▶ Aim of the task:
Set down exactly, from the records below, the line with "男,深圳市殘友集團副董事長、" through the line with "二、材料 按照在东湾小学施工", and nothing else.

▶ Records supplied:
Start of Block

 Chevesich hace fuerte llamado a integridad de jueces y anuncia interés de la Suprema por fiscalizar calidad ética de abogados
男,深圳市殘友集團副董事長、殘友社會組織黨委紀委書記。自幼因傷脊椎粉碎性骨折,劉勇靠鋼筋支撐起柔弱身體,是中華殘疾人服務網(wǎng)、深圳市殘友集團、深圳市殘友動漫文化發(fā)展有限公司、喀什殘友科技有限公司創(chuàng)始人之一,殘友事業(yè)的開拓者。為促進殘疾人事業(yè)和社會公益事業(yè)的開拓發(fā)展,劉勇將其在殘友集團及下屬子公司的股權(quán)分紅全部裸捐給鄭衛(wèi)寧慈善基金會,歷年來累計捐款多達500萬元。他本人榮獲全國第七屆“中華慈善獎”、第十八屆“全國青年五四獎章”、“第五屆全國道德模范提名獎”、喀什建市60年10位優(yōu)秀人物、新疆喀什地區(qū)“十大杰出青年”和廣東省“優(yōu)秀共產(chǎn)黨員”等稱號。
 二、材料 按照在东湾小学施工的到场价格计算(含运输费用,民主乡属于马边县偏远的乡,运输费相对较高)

End of Block
Start of Block

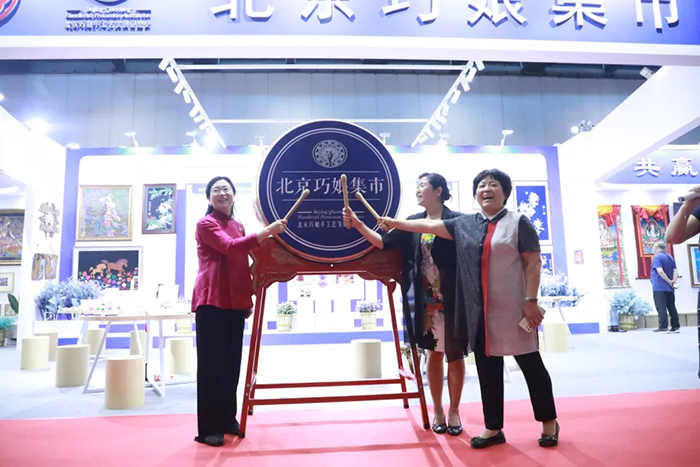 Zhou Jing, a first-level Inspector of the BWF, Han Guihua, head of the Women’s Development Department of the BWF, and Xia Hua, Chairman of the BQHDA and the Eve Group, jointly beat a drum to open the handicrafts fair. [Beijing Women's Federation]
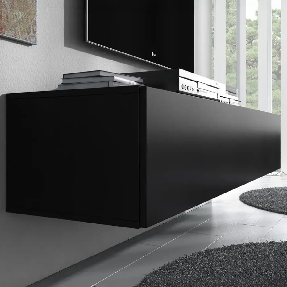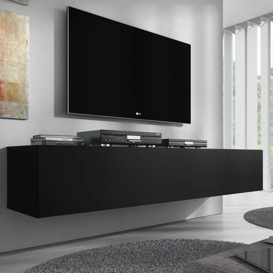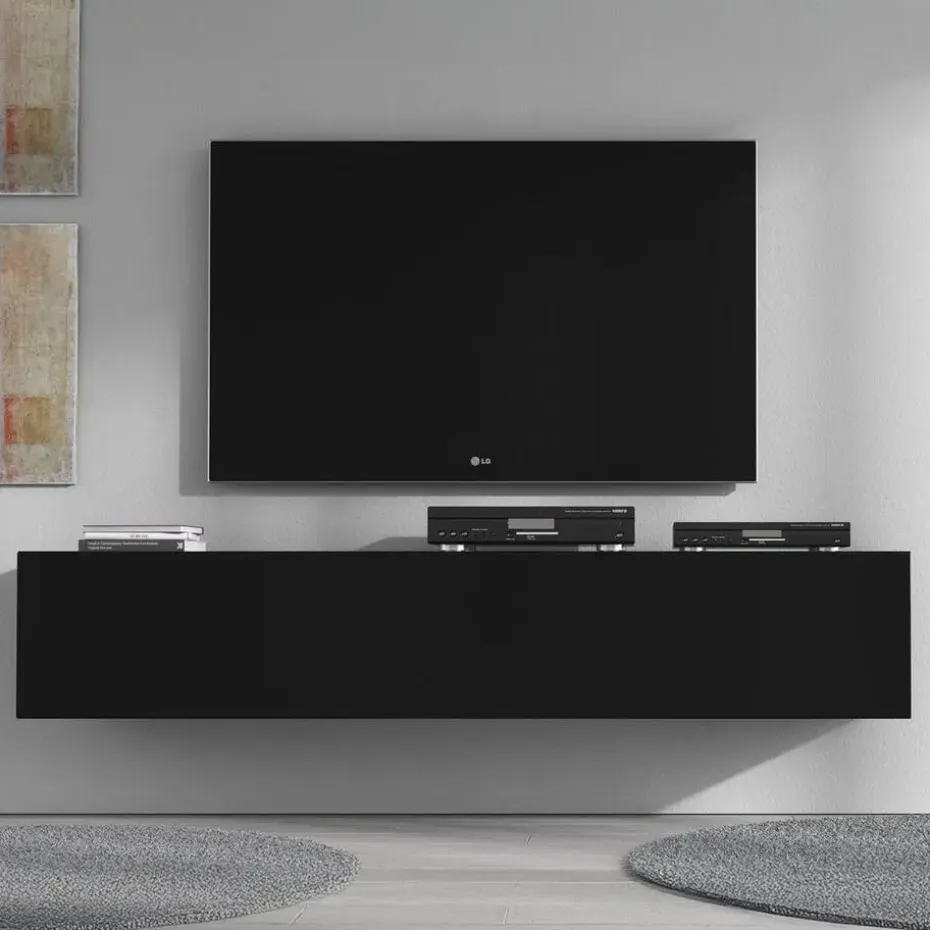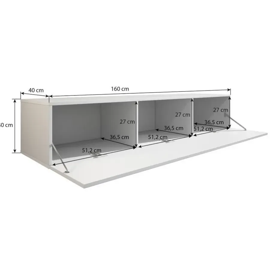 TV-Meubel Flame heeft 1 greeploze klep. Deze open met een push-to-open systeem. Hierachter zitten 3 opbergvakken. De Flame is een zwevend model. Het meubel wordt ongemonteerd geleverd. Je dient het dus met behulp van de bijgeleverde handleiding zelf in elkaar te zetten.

End of Block

▶ Solution to the exercise:
男,深圳市殘友集團副董事長、殘友社會組織黨委紀委書記。自幼因傷脊椎粉碎性骨折,劉勇靠鋼筋支撐起柔弱身體,是中華殘疾人服務網(wǎng)、深圳市殘友集團、深圳市殘友動漫文化發(fā)展有限公司、喀什殘友科技有限公司創(chuàng)始人之一,殘友事業(yè)的開拓者。為促進殘疾人事業(yè)和社會公益事業(yè)的開拓發(fā)展,劉勇將其在殘友集團及下屬子公司的股權(quán)分紅全部裸捐給鄭衛(wèi)寧慈善基金會,歷年來累計捐款多達500萬元。他本人榮獲全國第七屆“中華慈善獎”、第十八屆“全國青年五四獎章”、“第五屆全國道德模范提名獎”、喀什建市60年10位優(yōu)秀人物、新疆喀什地區(qū)“十大杰出青年”和廣東省“優(yōu)秀共產(chǎn)黨員”等稱號。
 二、材料 按照在东湾小学施工的到场价格计算(含运输费用,民主乡属于马边县偏远的乡,运输费相对较高)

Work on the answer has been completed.